FC6181 (Brown Genuine Crocodile)
FC6182 (Black Perforated Calf Hide)
FC6202 (Black Contrast Stitch Calf Hide)
FC6203 (Brown Contrast Stitch Calf Hide)

*Sellers/Sources:*

*Off the Bay:*

Please note I'm not endorsing either of these sellers, I have yet to try either, just sharing what I've found. I intend to try at least one if not both and will share my experiences.

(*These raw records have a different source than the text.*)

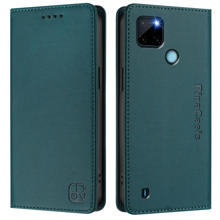 Funda de Cuero con Doble Pliegue y Succión Magnética Rfid para Realme C21Y Rc01 (Verde Oscuro)
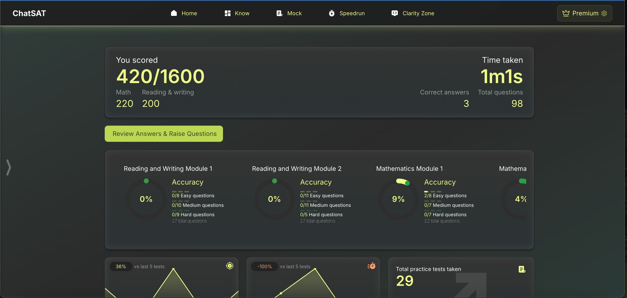 Set clear goals and review your performance every week. Use ChatSAT’s AI to fine-tune your practice sets and ensure you’re improving where it matters most. -
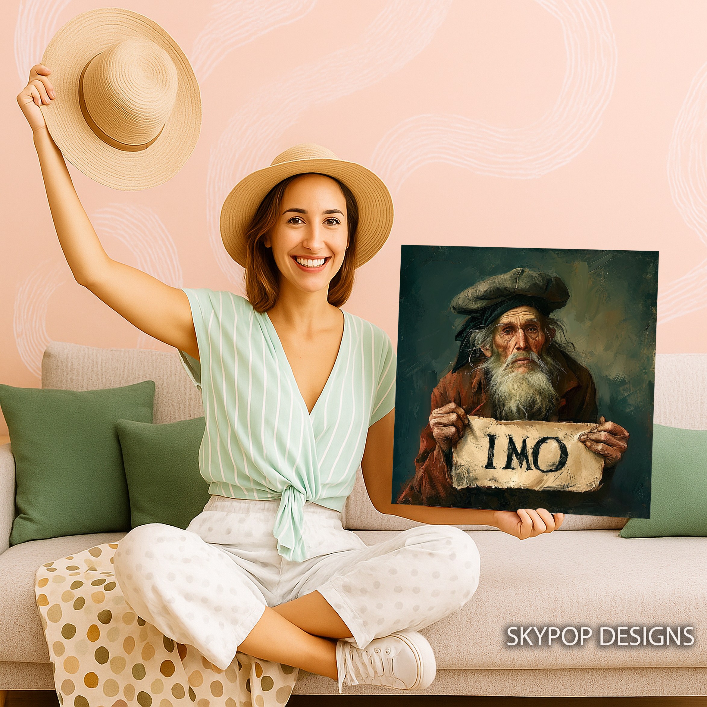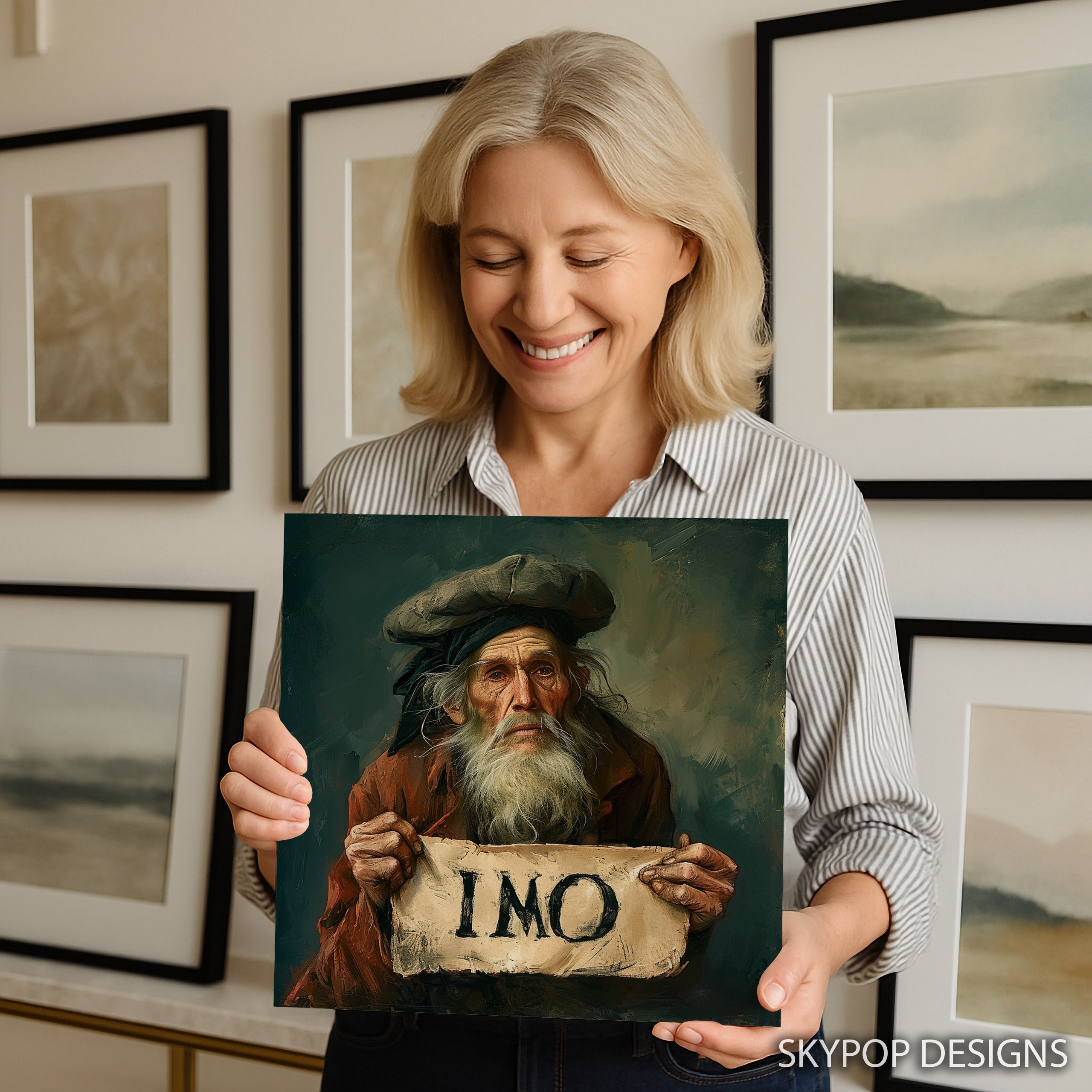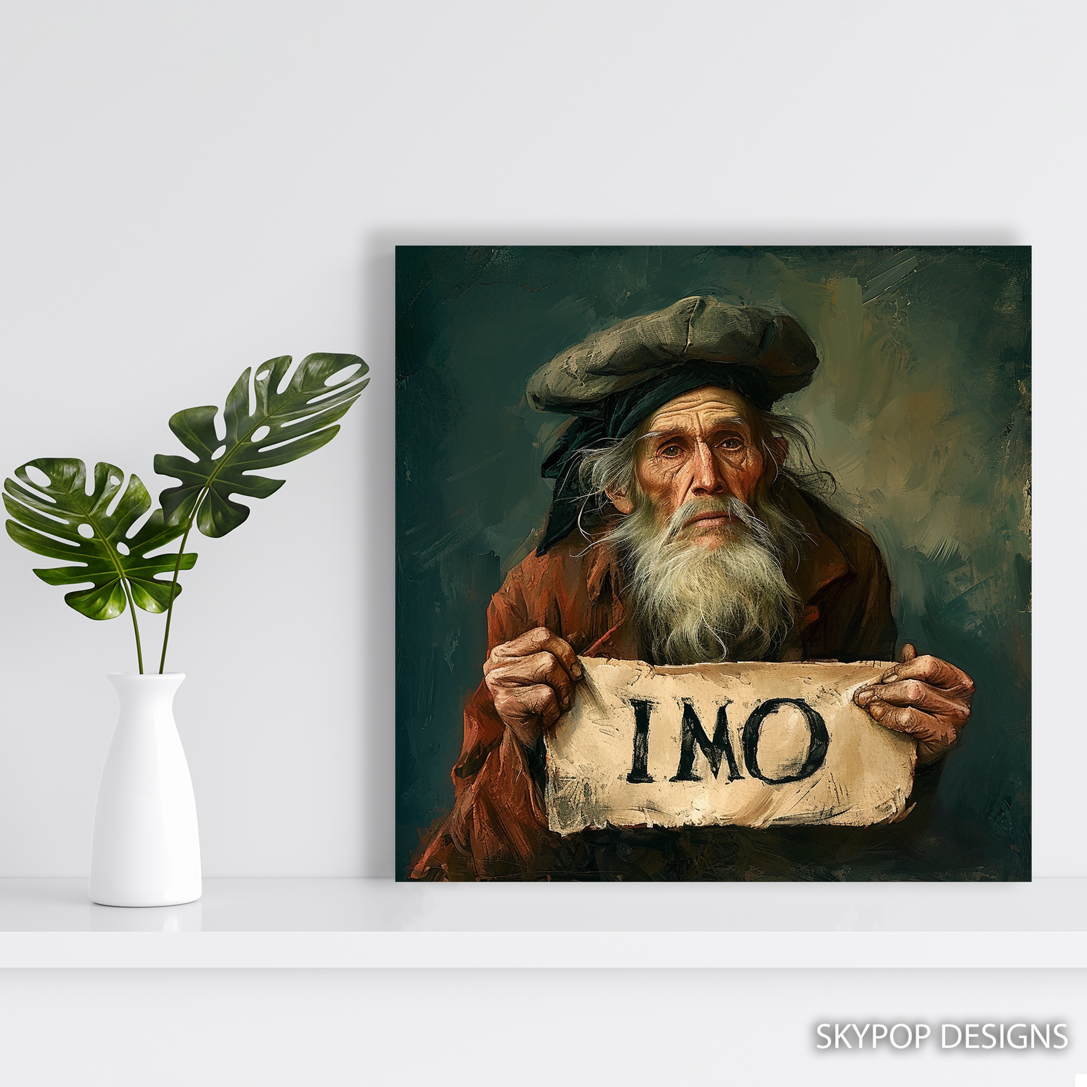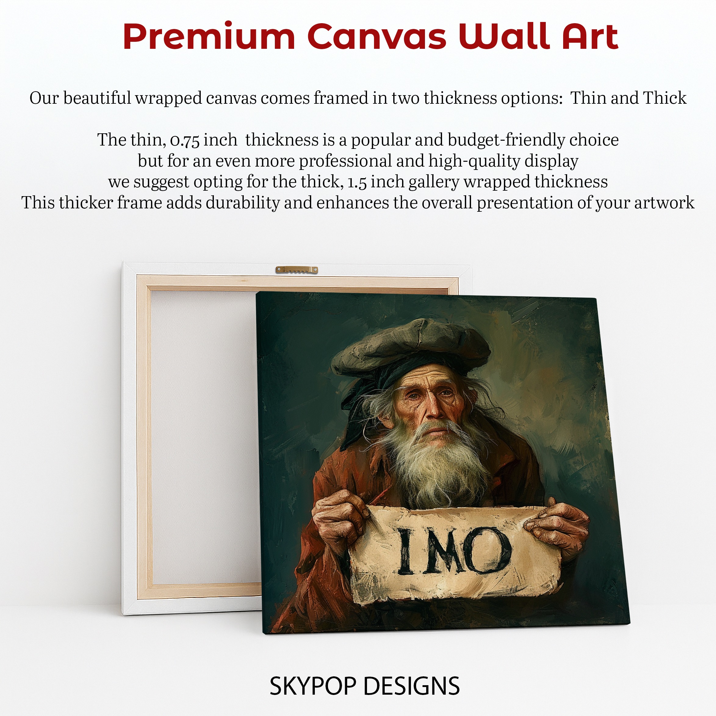 Elevate your space with this captivating canvas wall art featuring a striking portrait of an elderly man. This timeless piece transforms any room with its rich, earthy tones and intricate details, perfect for adding depth and character to traditional or rustic decor. The subject’s weathered face and penetrating gaze draw viewers in, while his flowing white beard and oversized hat create a sense of wisdom and dignity. Ideal for a home office or library, this canvas art serves as a daily inspiration and conversation starter. The bold “IMO” sign held by the figure adds an intriguing element, inviting contemplation and discussion. Whether displayed in a Victorian-style living room or a cozy study, this artwork enhances the atmosphere with its classic charm and vintage appeal. The masterful brushwork and warm color palette create a stunning focal point that complements various interior styles. Perfect as a thoughtful gift for history buffs or art enthusiasts, this versatile canvas adapts beautifully to different spaces and lighting conditions. High-quality printing captures every nuance, from the subject’s expressive eyes to the texture of his rustic attire. Transform your walls with this powerful piece that celebrates human resilience and the passage of time. Add this thought-provoking canvas art to your collection and create a sophisticated ambiance in your home or office today.
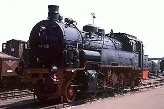 The Deutsche Reichsbahn took over 400 T 14s from Prussia and six from the Imperial Railways in Alsace-Lorraine as 93 001 to 93 406. The T 14s from Alsace-Lorraine were given numbers 93 094, 188–191 and 237. In 1927 two more T 14s were acquired from the Farge-Vegesack Railway and numbered as 93 407 and 408; and in 1935 locomotives 93 409 to 93 417 from the Saar Railway were added.[1] In World War II several T 14s came from Poland and Belgium into the DRB fleet as 93 418 to 93 450. After the Second World War the Deutsche Reichsbahn (GDR) incorporated further T 14s, which came from France and Belgium, as 93 451 to 93 459.
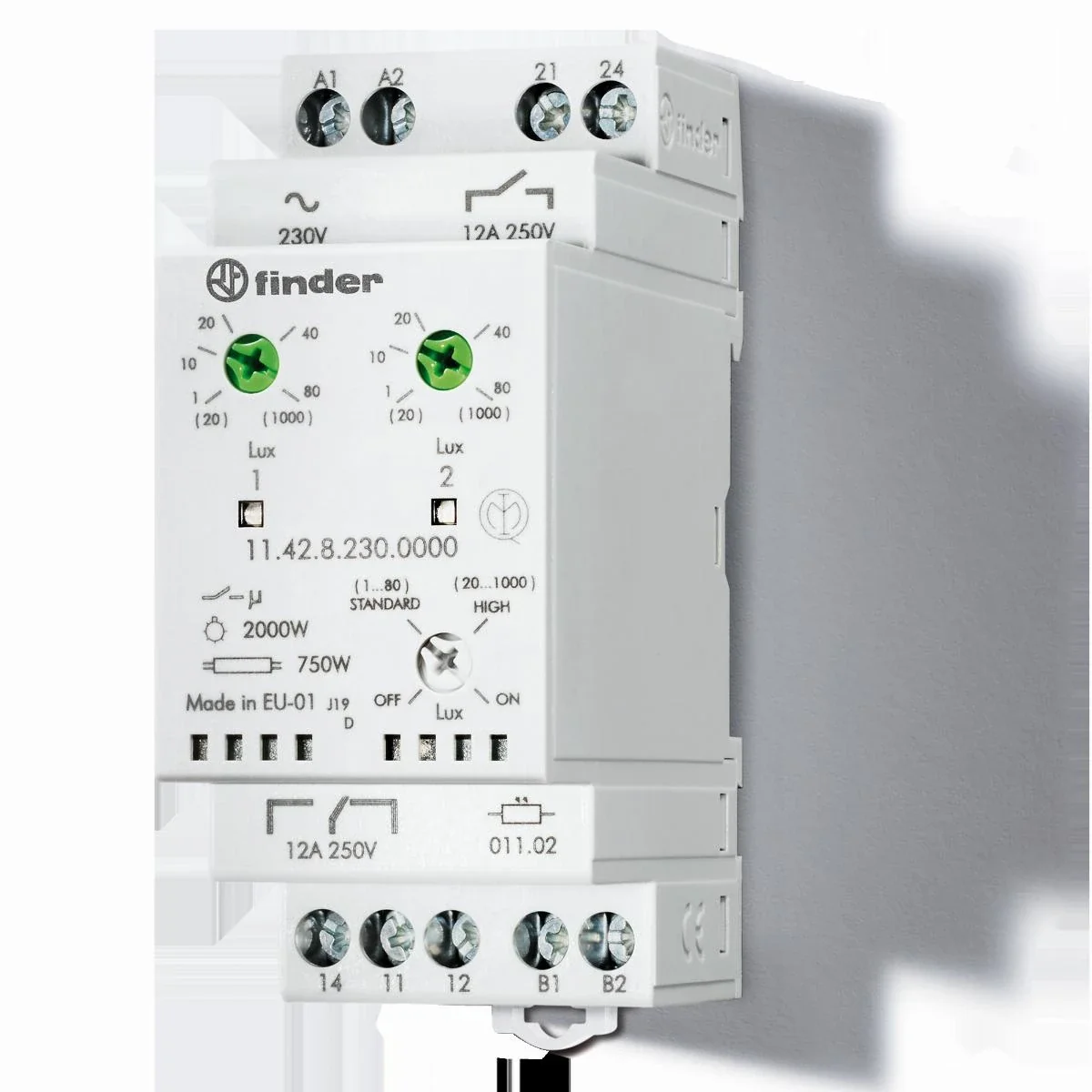 Relè per il controllo automatico dell'illuminazione in base al livello di intensità della luce esterna — con un sensore di intensità della luce separato.
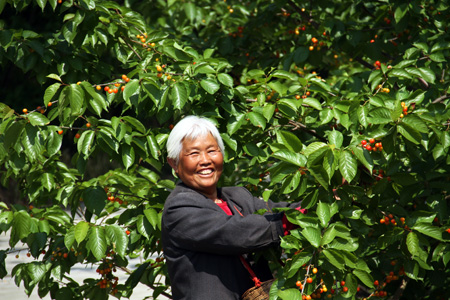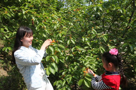 自1985年以来,房县城关镇积极引导农民发展庭院经济,地处城郊的八里村充分发挥区位优势,大力发展旅游观光农业,建起了樱桃专业村。全村510多户人家,户平种植樱桃60余株。每年樱桃成熟时,吸引了大批客商和游客前来购买、观光。仅此一项,全村农民年均增收14万多元。图为27日游客在该村一组采摘樱桃。 (赵爱平 张立华摄)
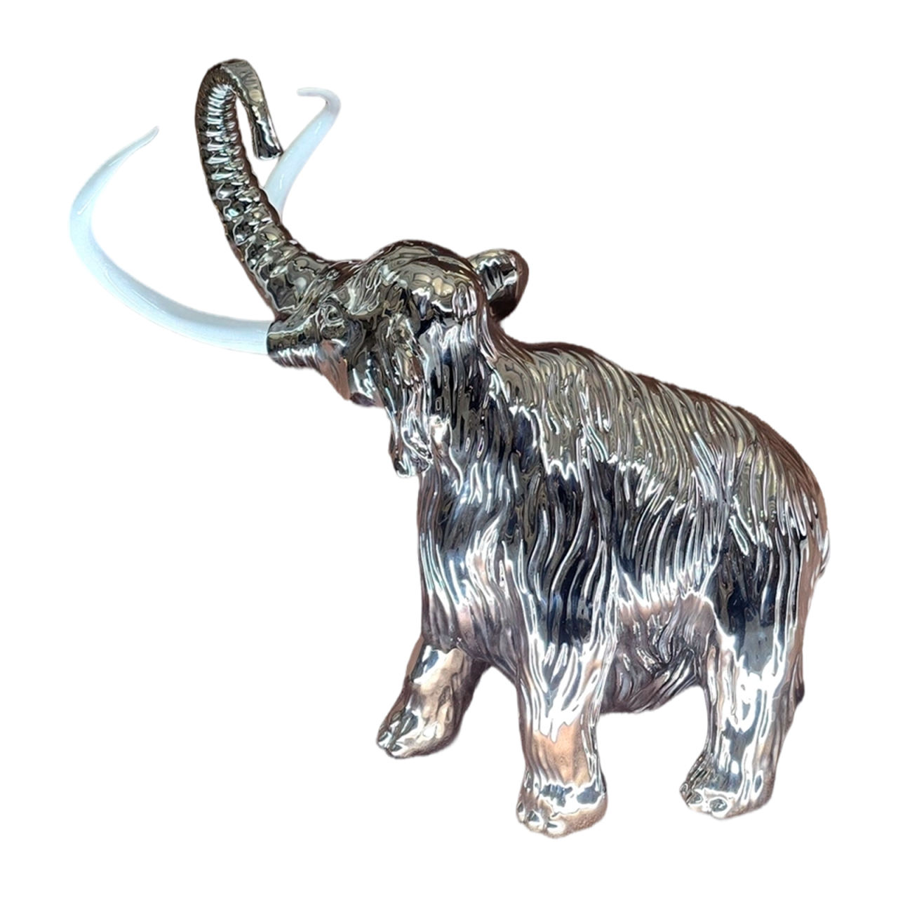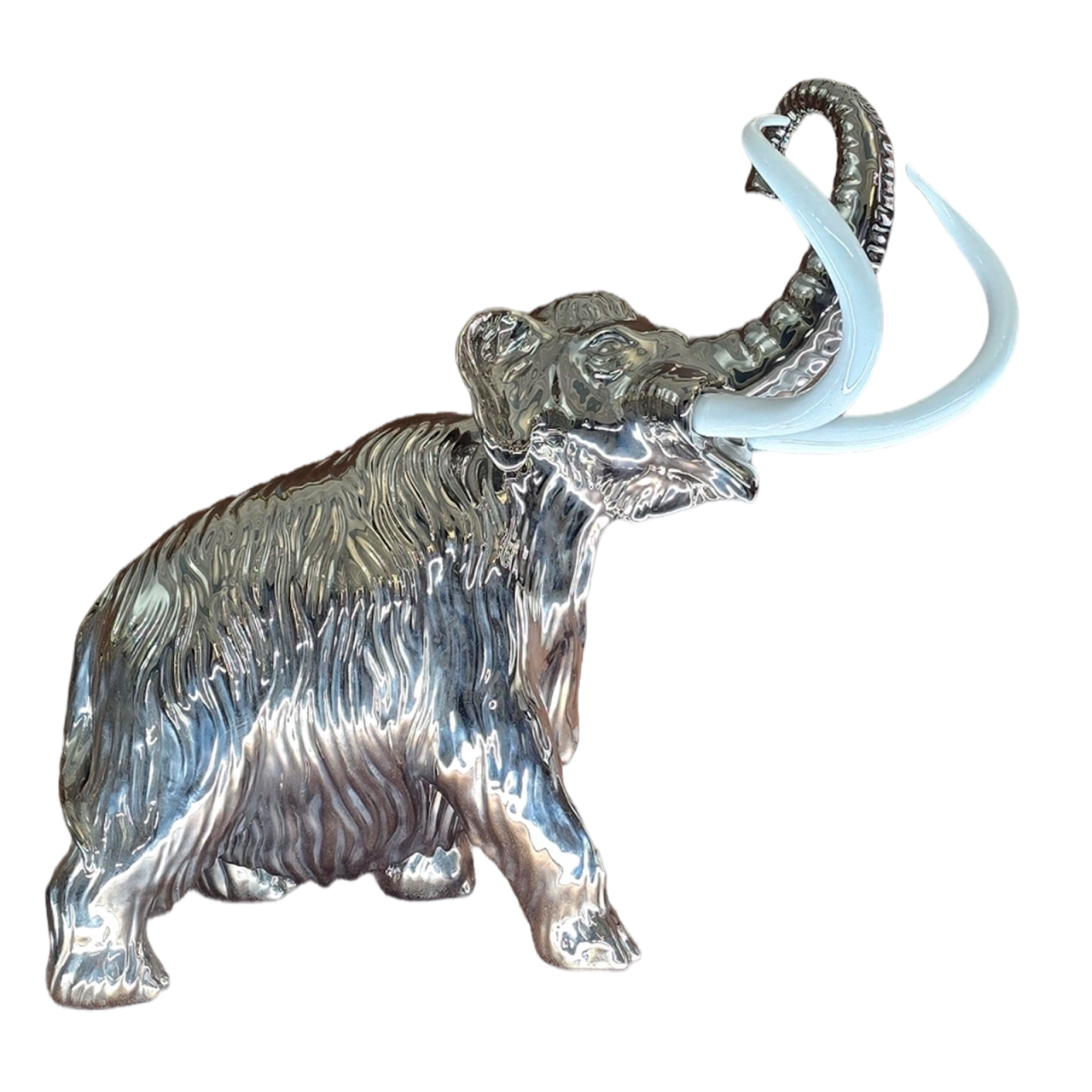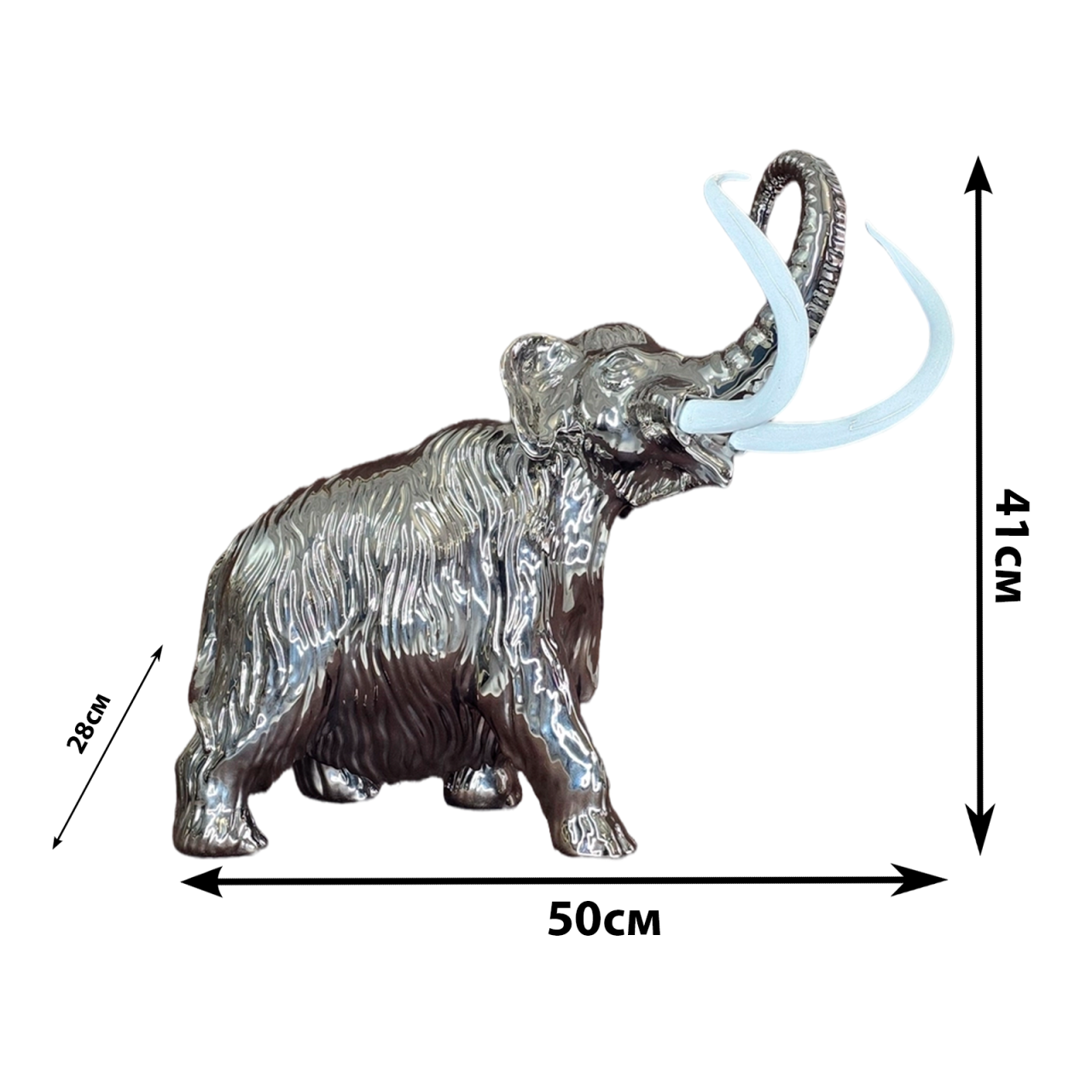 Премиальная статуэтка «Мамонт» из керамики от Ahura. Платиновое покрытие и белые бивни. Уникальная работа ручной доводки. Купить эксклюзивный декор для интерьера.

Offers some Rally Style after market solutions, UK based:

_watchstrapworlduk_

Offers non OEM deployments of same style as well as compatible after market straps in Croco print (brown and black). Appears Asia based but claims Italian origin:

_budgetplan_
*
Non Auction sources:*_

ADP in France (Custom)_

Custom strap maker in France makes straps to your specifications including Tag. They aren't cheap, looks like Alligator will cost you at least 280 Euro, Ostrich 200 Euro and so forth. While its not a cheaper alternative its custom made for your wrist with more colours and leathers than you would ever get OEM and it should be top quality. Somehow its price seems comparable to MSRP while offering a lot more.

Contact
Triple W---> abp-paris.com/custom_watchbands_watch_straps_cartier <--dotHTML
info.abp(at)orange(dot)fr_

Watch Strap World_

Appears the store front for the same UK auction seller listed above.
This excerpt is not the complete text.